Run slopit behavioral analyzers on sessions.

Uses slopit's AnalysisPipeline to process sessions with the specified analyzers.

Parameters:

Name Type Description Default
sessions list[SlopitSession]

Sessions to analyze.

required
analyzers list[Analyzer] | None

Analyzers to run. If None, uses default set: KeystrokeAnalyzer, FocusAnalyzer, PasteAnalyzer, TimingAnalyzer.

None

Returns:

Type Description
list[SlopitSession]

Sessions with analysis flags added.

Examples:

>>> from slopit import load_sessions
>>> sessions = load_sessions("data/")
>>> analyzed = analyze_sessions(sessions)
>>> # Sessions now have analysis flags populated

extract_with_analysis(path: Path | str, pattern: str = '*', item_id_key: str = 'item_id', analyzers: list[Analyzer] | None = None, name: str | None = None) -> AnalyticsCollection

Load sessions, run analysis, and extract analytics in one step.

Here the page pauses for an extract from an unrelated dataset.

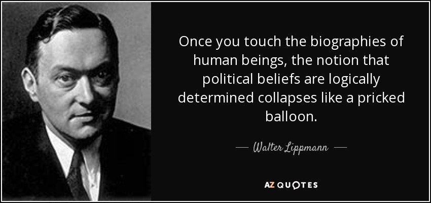 Once you touch the biographies of human beings, the notion that political beliefs are logically determined collapses like a pricked balloon.

Convenience function that combines loading, analysis, and extraction.

Parameters:

Name Type Description Default
path Path | str

Path to session file or directory.

required
pattern str

Glob pattern for directory (default: "*").

'*'
item_id_key str

Key in platform_data containing the item UUID.

'item_id'
analyzers list[Analyzer] | None

Analyzers to run. If None, uses default set.

None
name str | None

Name for the collection.

None

Returns:

Type Description
AnalyticsCollection

Collection with analyzed behavioral data.

Examples:

>>> collection = extract_with_analysis("data/jatos_export/")
>>> summaries = collection.get_participant_summaries()
>>> for s in summaries:
...     if s.flag_rate > 0.1:
...         print(f"Participant {s.participant_id}: {s.flag_rate:.1%} flagged")

Merging

merging

Utilities for merging behavioral analytics with judgment data.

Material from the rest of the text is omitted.